DMPS, or dimercaptopropane – 1 sulfonate, is a primary chelator for mercury and arsenic. Slide 42 shows the chemical structure of DMPS. DMPS has pitfalls as well as advantages. The pitfalls include oral dosing which is the usual recommended dosing because it is approximately 50% to 55% absorbed by the gastrointestinal mucosa. As a result of already compromised gastrointestinal function and dysbiosis noted in most of these children, there is also be a decreased absorption of the DMPS when dosed orally, and with the severe gut vacillations prevalent in our society, DMPS by mouth becomes impractical. Most of the children that have taken the DMPS orally for more than 1 week continuously, begin complaining of abdominal pain, cramping and other GI distress. We tried the oral DMPS for almost 6 weeks before eliminating it as a possible therapeutic method. Intravenous methods of application were not an option in children so young, although is the preferred method I have used in my clinical practice for my adult patients with mercury toxicity.  

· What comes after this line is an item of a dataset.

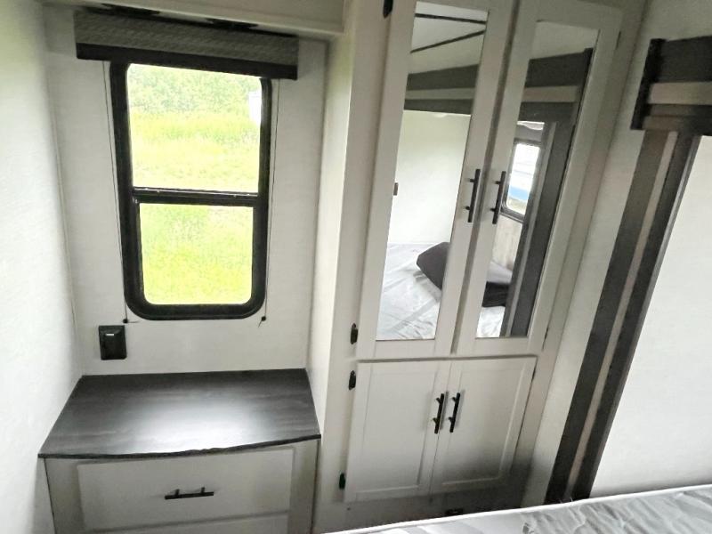 If you want a home away from home then look no further than one of these CrossRoads RV Hampton destination trailers! They are designed to feel like home with 8-foot interior ceilings, rich stainless steel residential style appliances, hardwood raised panel cabinetry, and an abundance of storage. A one piece radius roof with 3/8" decking covers them and an enclosed underbelly protects their vitals. A floor ducted 35,000 BTU furnace will keep you warm on those cooler nights and the floor insulation with radiant tech foil will keep the heat inside. With the standard Convenience package, you will get handy features like two 15,000 BTU A/C's to keep you cool on a hot summer day, a TV antenna for your entertainment, and a quilted bedspread for another at home touch. Come find the right one for you today!

All study patients were also monitored for renal function, and mineral depletion. The key to success with this study was the constant and continuous “pull” of mercury by being able to dose it every other day and the compliance of patient and parents. Each patient was put on a protocol consisting of the transdermal DMPS (TD-DMPS). Transdermal DMPS is DMPS conjugated with a number of amino acids, delivered in highly specialized micro- encapsulated liposomal phospholipid transdermal base with essential fatty acids. The frequent dosing is one of the most important components of the TD-DMPS. It is important to note that DMPS is highly oxygen reactive and is very unstable when exposed to air. This and many other issues of delivery, stabilization, and oxidation have all been successfully identified and resolved over the last two years with the final result now pending patent. In addition, certain other components have been added to the TD-DMPS to potentiate the efficacy of treatment, such as the addition of various amino acids and glutathione.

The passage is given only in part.